Inoltre, il dottore ricorda come la vitamina può essere assunta sia tramite alimenti che integratori.
Gli alimenti validi sono pesce, fegato, cereali e uova. Tuttavia, la donna incinta può avere necessità particolari e cibi proibiti: la dieta va sempre concordata col medico di
fiducia. Al peggio, si può ricorrere agli integratori.

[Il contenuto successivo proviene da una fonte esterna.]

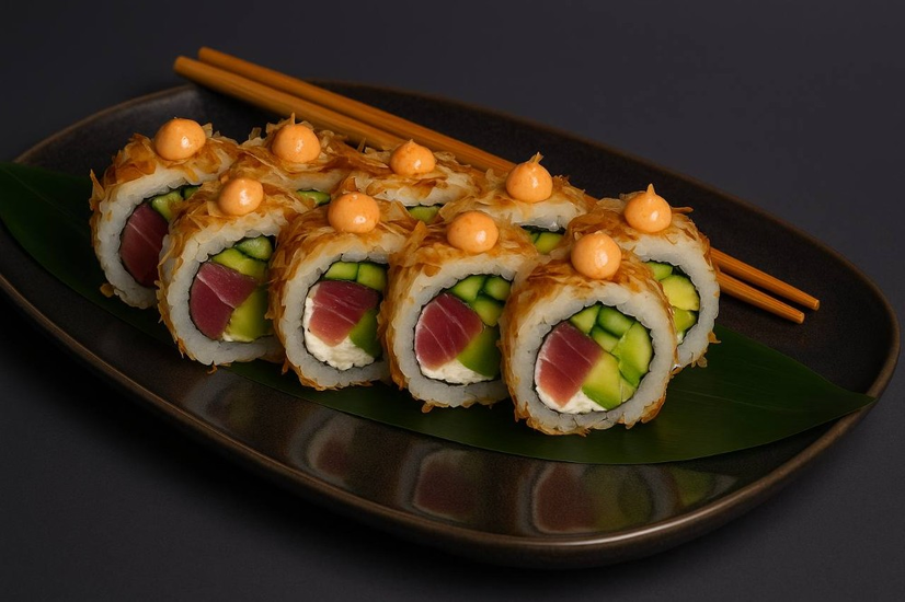 Riz, nori, thon, mayonnaise épicée, avocat, tobiko, copeaux de thon, thon croustillant, fromage frais

FONTE: “All pregnant women should take vitamin D, coroner says”, Telegraph, 12/12/011
Matteo Clerici
ATTENZIONE: l’articolo qui riportato è frutto di ricerca ed elaborazione di notizie pubblicate sul web e/o pervenute. L’autore, la redazione e la proprietà, non
necessariamente avallano il pensiero e la validità di quanto pubblicato. Declinando ogni responsabilità su quanto riportato, invitano il lettore a una verifica, presso le fonti
accreditate e/o aventi titolo.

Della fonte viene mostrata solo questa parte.